Start of Block

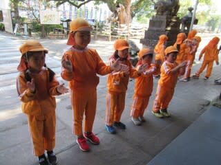 しばらく走ると、だんだん道が悪いので「ごっつんこ」しないように支え合う子どもたちです
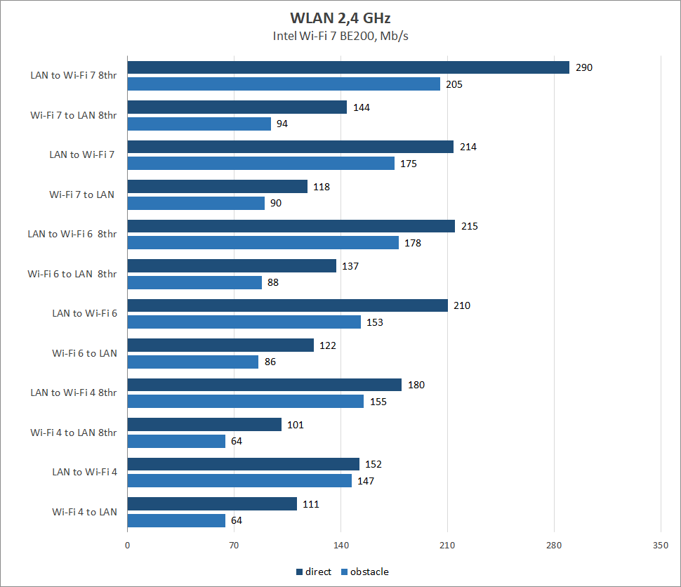 Бездротові мережі на частоті 2,4 ГГц працюють в набагато складніших умовах, оскільки в цьому діапазоні відчутний вплив сусідніх точок доступу, тож, досягти високих результатів набагато складніше. Менше з тим, при фіксації ширини каналу 40 МГц і виборі найменш завантаженої ділянки спектра в умовах прямої видимості стандарт IEEE802.11be забезпечує швидкість до 290 Мбіт/с при багатопотоковій передачі. Попередники відстають в середньому на 15% і 35% для IEEE802.11ax та IEEE802.11n відповідно, а швидкість від точки доступу до клієнта перевищує показники у зворотному напрямку майже вдвічі незалежно від стандарту. Швидкодія при передачі одного потоку даних становить від 152 Мбіт/с до 214 Мбіт/с залежно від стандарту і сильно залежить від напрямку обміну інформацією. Щодо роботи в умовах перешкод, то середнє зменшення пропускної здатності знаходиться на рівні 26% і мало залежить від покоління стандарту Wi-Fi.
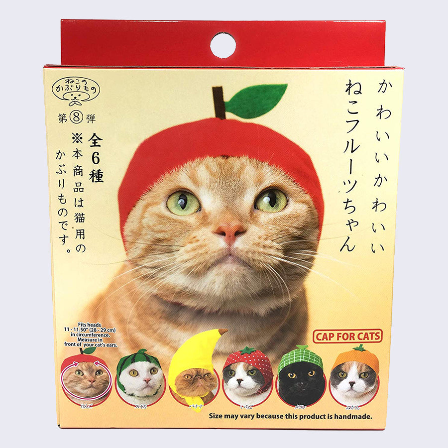 Collect all 6 of these adorable soft fruit themed hats for your bevy of cats! The possibilities include a red apple, watermelon, banana, strawberry, lime and orange!
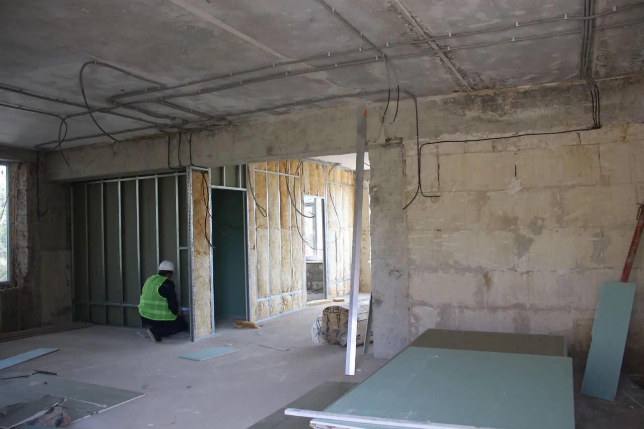 На объекте одновременно ведутся разные виды работ: в одних помещениях демонтируют старые конструкции, в других уже устанавливают оконные блоки, выполняют устройство стяжки и внутренних инженерных сетей.
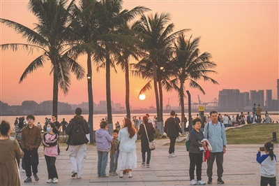 近日,海口天气晴好,不少市民游客来到海口湾尽享暖阳下的椰风海韵,欣赏落日时分海天一色的美丽风景。当下,随着全国各地的游客纷至沓来,海口旅游持续升温。海南日报全媒体记者 李天平 摄
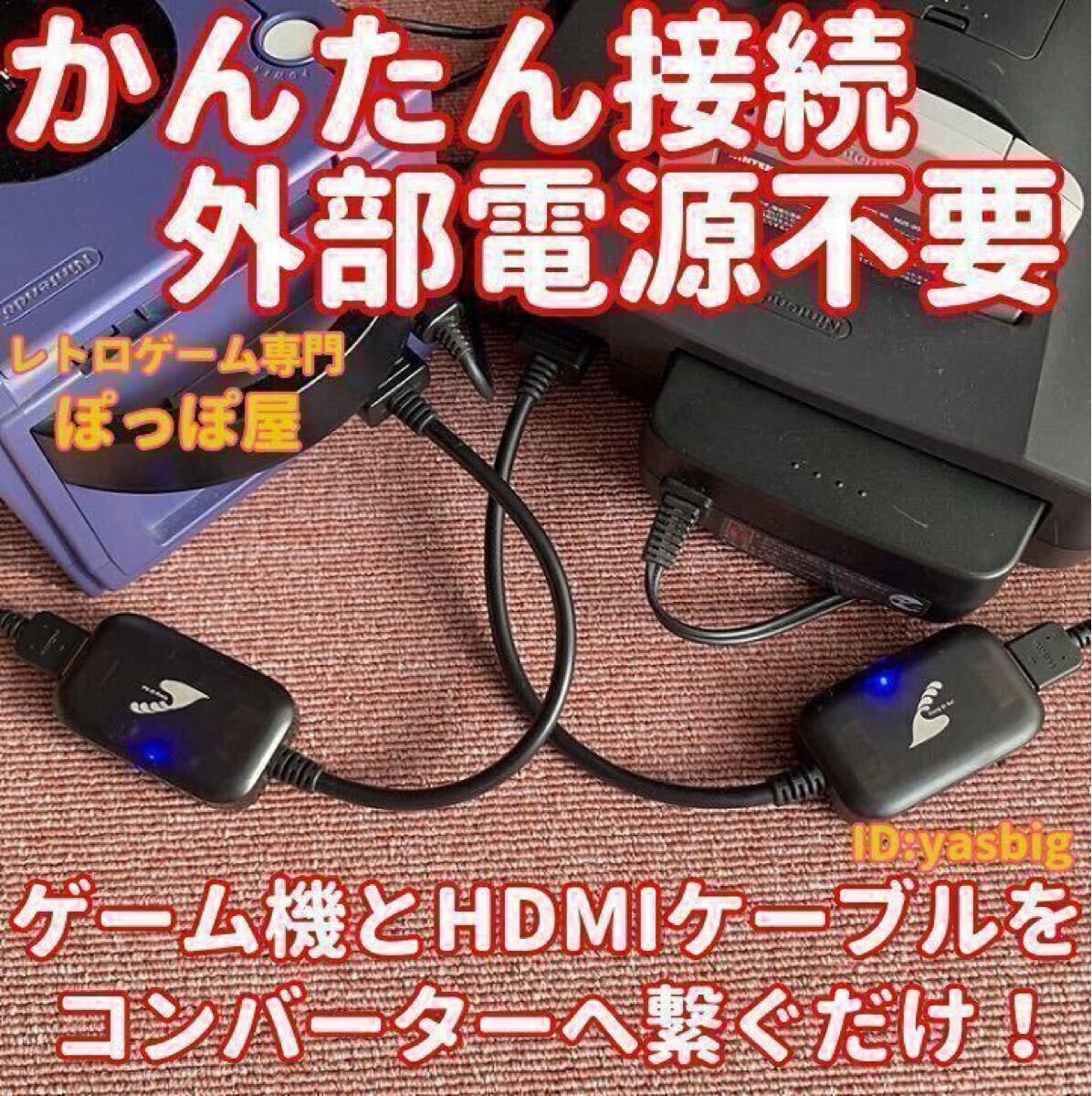 ・ゲーム機本体に変換器を取り付け、HDMIケーブルでテレビと繋ぐだけになります。
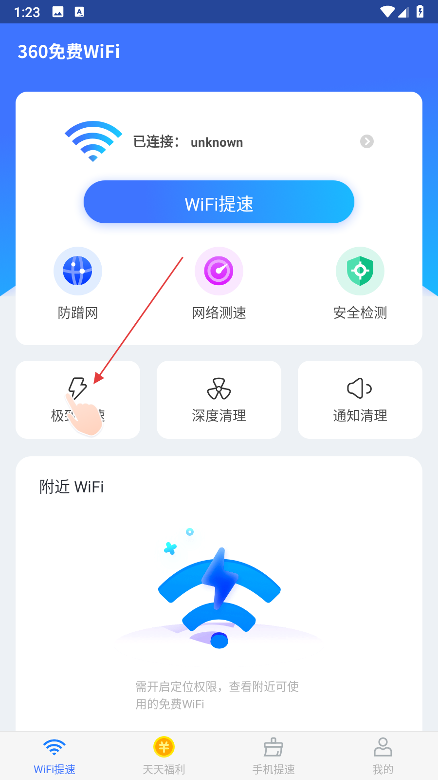 1、打开360免费WiFi应用,在主界面找到极致加速功能按钮,点击该按钮进入极致加速页面。
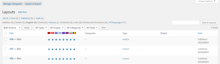 The Divi Library lets you translate layouts like the pages and posts. Translate individual modules, rows, sections, and complete layouts. Flags are added to the list. The layouts include + symbols that you can click on for the translation you want. Clicking a + symbol opens the Advanced Translation Editor.
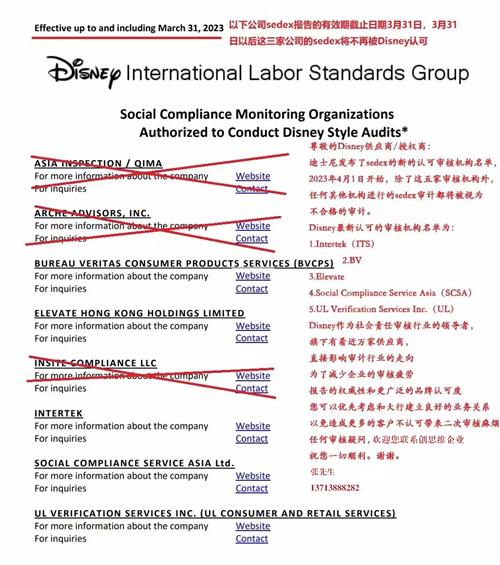迪士尼LS最近在LS網站發布了五家可接受的社會責任監督機構的更新名單,這些機構是被授權根據迪士尼的審核標準進行LS審核,2023年4月1日起生效。
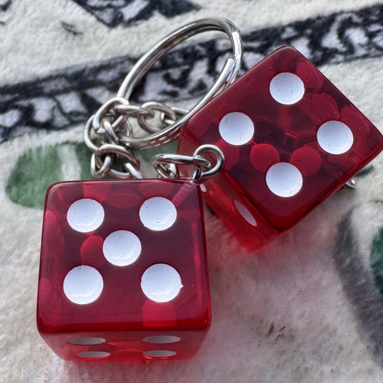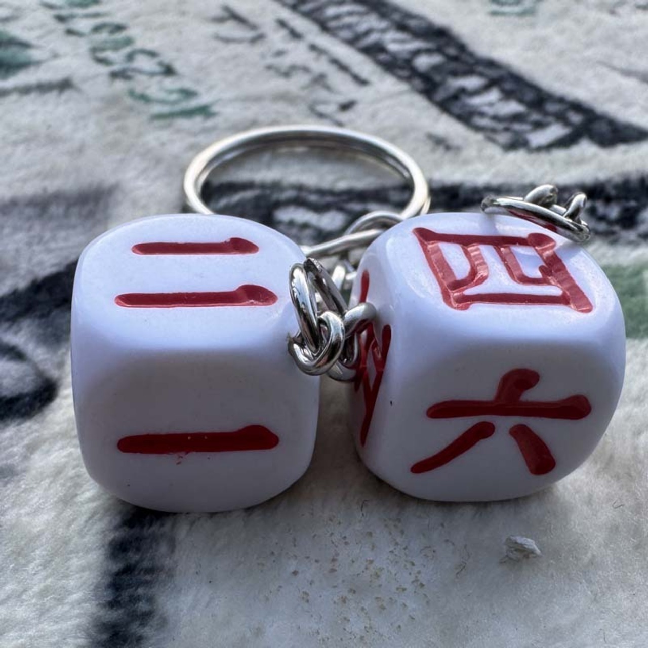 ラスベガスのカジノで使用されるデッドストック物のダイスが2個付いた キーリングが登場!白い漢字版以外はLAS VEGASの刻印が入ります。
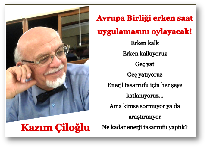 AB meclis başkanı Juncker, Alman televizyonuna bu konuda yapılan geniş kapsamlı araştırmalara değinen başkan, halkın bu konuda ve özellikle çocukların, uzun vadede biyolojik açıdan olumsuz etkilendiğini savunduklarını belirterek, uygulamanın oylama sonucunda kalkabileceğine dikkat çekti.Biz ise ne söylenirse, ne istenirse eyvallah diyip anında uyguluyoruz!Erken kalkErken kalkıyoruzGeç yatGeç yatıyoruzEnerji tasarrufu için her şeye katlanıyoruz…Ama kimse sormuyor ya da araştırmıyorNe kadar enerji tasarrufu yaptık?Kaç milyon kilovat ya da bunun dolar ve TL karşılığı ne kadar bir maddi değerdir?Bu maddi değerin seksen milyonu esas alarak kişi başına ya da dört kişilik ortalama bir aile başına günlük ya da aylık oranı nedir?Bilmem anlata bildik mi?Ama elin yabancısı oturup, koskoca Avrupa kıtasında bilimsel anketler yapıyor ve sonuçlarına, halkın eğilimlerini de katıp meclisine taşıyor. İmrenmemek ve kıskanmamak elde mi?Kesinlikle inanıyorum ki bu incelemede horozlar en önemli yeri almıştır!Bizde ise bul karoyu al parayı misali ben yaptım oldu yöntemi yürürlükteAnlayacağınız, ben yaptım oldu yöntemi, bilgilenmenin de, bilimselliğinde önünü kesmekle kalmıyor, ileriye dönük yanlışlarında devamını sağlıyor.Umarız ve dileriz ki oldukça düzenli ve dört mevsimi yaşayan bir konumda bulunan ülkemizde bu konuda bir araştırma yapar ve sonuçlarını bilimsel panellerde tartışarak doğru sonuçlara ulaşırız.Sözün özü;Biyolojik dengelerde ki bozulmalar çok daha fazla ekonomik harcamalarla düzeltilebilir. ‘’Dimyat’a pirince giderken evdeki bulgurdan olmak’’ sözünü...Yazının tamamı için tıklayınız
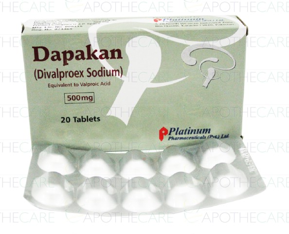 Product Name: Dapakan Tab 500mg 10'sProduct Form: TabletPack Size: 10'sMarketed By: Platinum Pharmaceuticals (Pvt) LtdGeneric Category: Anti-EpilepticIngredients: Divalproex Sodium
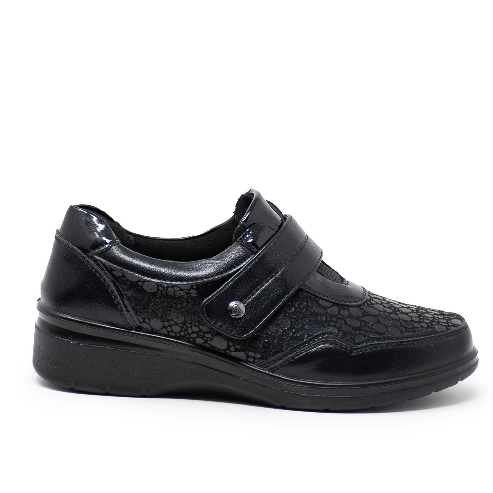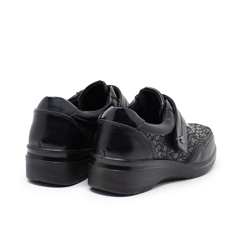 El diseño de este zapato destaca por su acabado en escamas que le otorga un toque sofisticado y moderno. El color negro es atemporal y fácil de combinar con diferentes outfits, ya sea para un look casual o más formal.
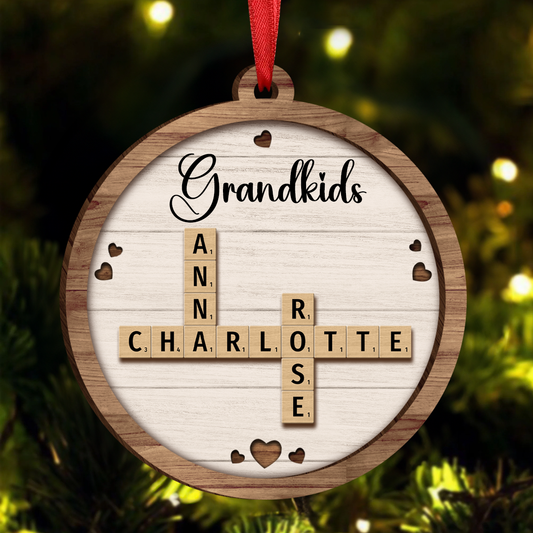 Grandkids Crossword Puzzle Art - Personalized Wooden Ornament
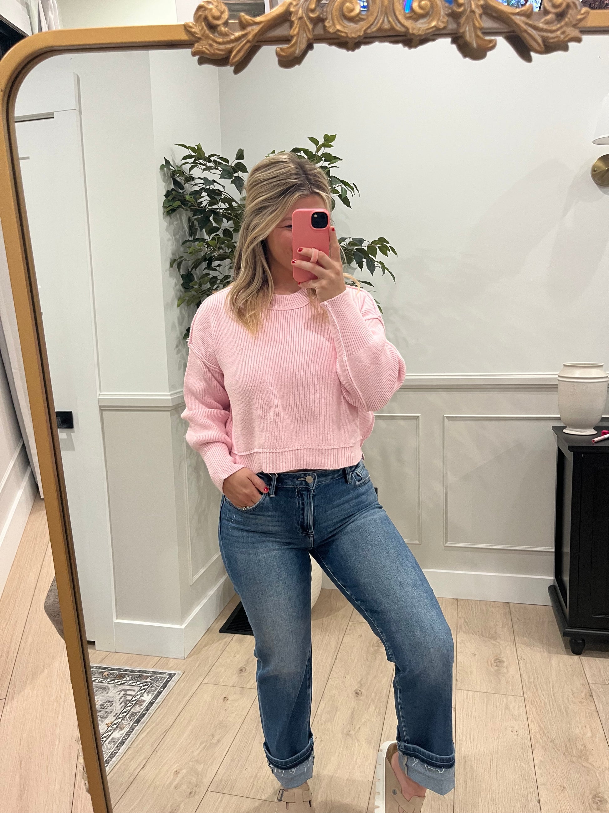 Risen brand - mid rise, ankle straight cuffed jeans.

End of Block

Try it:
The expected answer is the data retyped exactly, without pictures.

Output:
 しばらく走ると、だんだん道が悪いので「ごっつんこ」しないように支え合う子どもたちです
 Бездротові мережі на частоті 2,4 ГГц працюють в набагато складніших умовах, оскільки в цьому діапазоні відчутний вплив сусідніх точок доступу, тож, досягти високих результатів набагато складніше. Менше з тим, при фіксації ширини каналу 40 МГц і виборі найменш завантаженої ділянки спектра в умовах прямої видимості стандарт IEEE802.11be забезпечує швидкість до 290 Мбіт/с при багатопотоковій передачі. Попередники відстають в середньому на 15% і 35% для IEEE802.11ax та IEEE802.11n відповідно, а швидкість від точки доступу до клієнта перевищує показники у зворотному напрямку майже вдвічі незалежно від стандарту. Швидкодія при передачі одного потоку даних становить від 152 Мбіт/с до 214 Мбіт/с залежно від стандарту і сильно залежить від напрямку обміну інформацією. Щодо роботи в умовах перешкод, то середнє зменшення пропускної здатності знаходиться на рівні 26% і мало залежить від покоління стандарту Wi-Fi.
 Collect all 6 of these adorable soft fruit themed hats for your bevy of cats! The possibilities include a red apple, watermelon, banana, strawberry, lime and orange!
 На объекте одновременно ведутся разные виды работ: в одних помещениях демонтируют старые конструкции, в других уже устанавливают оконные блоки, выполняют устройство стяжки и внутренних инженерных сетей.
 近日,海口天气晴好,不少市民游客来到海口湾尽享暖阳下的椰风海韵,欣赏落日时分海天一色的美丽风景。当下,随着全国各地的游客纷至沓来,海口旅游持续升温。海南日报全媒体记者 李天平 摄
 ・ゲーム機本体に変換器を取り付け、HDMIケーブルでテレビと繋ぐだけになります。
 1、打开360免费WiFi应用,在主界面找到极致加速功能按钮,点击该按钮进入极致加速页面。
 The Divi Library lets you translate layouts like the pages and posts. Translate individual modules, rows, sections, and complete layouts. Flags are added to the list. The layouts include + symbols that you can click on for the translation you want. Clicking a + symbol opens the Advanced Translation Editor.
迪士尼LS最近在LS網站發布了五家可接受的社會責任監督機構的更新名單,這些機構是被授權根據迪士尼的審核標準進行LS審核,2023年4月1日起生效。
 ラスベガスのカジノで使用されるデッドストック物のダイスが2個付いた キーリングが登場!白い漢字版以外はLAS VEGASの刻印が入ります。
 AB meclis başkanı Juncker, Alman televizyonuna bu konuda yapılan geniş kapsamlı araştırmalara değinen başkan, halkın bu konuda ve özellikle çocukların, uzun vadede biyolojik açıdan olumsuz etkilendiğini savunduklarını belirterek, uygulamanın oylama sonucunda kalkabileceğine dikkat çekti.Biz ise ne söylenirse, ne istenirse eyvallah diyip anında uyguluyoruz!Erken kalkErken kalkıyoruzGeç yatGeç yatıyoruzEnerji tasarrufu için her şeye katlanıyoruz…Ama kimse sormuyor ya da araştırmıyorNe kadar enerji tasarrufu yaptık?Kaç milyon kilovat ya da bunun dolar ve TL karşılığı ne kadar bir maddi değerdir?Bu maddi değerin seksen milyonu esas alarak kişi başına ya da dört kişilik ortalama bir aile başına günlük ya da aylık oranı nedir?Bilmem anlata bildik mi?Ama elin yabancısı oturup, koskoca Avrupa kıtasında bilimsel anketler yapıyor ve sonuçlarına, halkın eğilimlerini de katıp meclisine taşıyor. İmrenmemek ve kıskanmamak elde mi?Kesinlikle inanıyorum ki bu incelemede horozlar en önemli yeri almıştır!Bizde ise bul karoyu al parayı misali ben yaptım oldu yöntemi yürürlükteAnlayacağınız, ben yaptım oldu yöntemi, bilgilenmenin de, bilimselliğinde önünü kesmekle kalmıyor, ileriye dönük yanlışlarında devamını sağlıyor.Umarız ve dileriz ki oldukça düzenli ve dört mevsimi yaşayan bir konumda bulunan ülkemizde bu konuda bir araştırma yapar ve sonuçlarını bilimsel panellerde tartışarak doğru sonuçlara ulaşırız.Sözün özü;Biyolojik dengelerde ki bozulmalar çok daha fazla ekonomik harcamalarla düzeltilebilir. ‘’Dimyat’a pirince giderken evdeki bulgurdan olmak’’ sözünü...Yazının tamamı için tıklayınız
 Product Name: Dapakan Tab 500mg 10'sProduct Form: TabletPack Size: 10'sMarketed By: Platinum Pharmaceuticals (Pvt) LtdGeneric Category: Anti-EpilepticIngredients: Divalproex Sodium
 El diseño de este zapato destaca por su acabado en escamas que le otorga un toque sofisticado y moderno. El color negro es atemporal y fácil de combinar con diferentes outfits, ya sea para un look casual o más formal.
 Grandkids Crossword Puzzle Art - Personalized Wooden Ornament
 Risen brand - mid rise, ankle straight cuffed jeans.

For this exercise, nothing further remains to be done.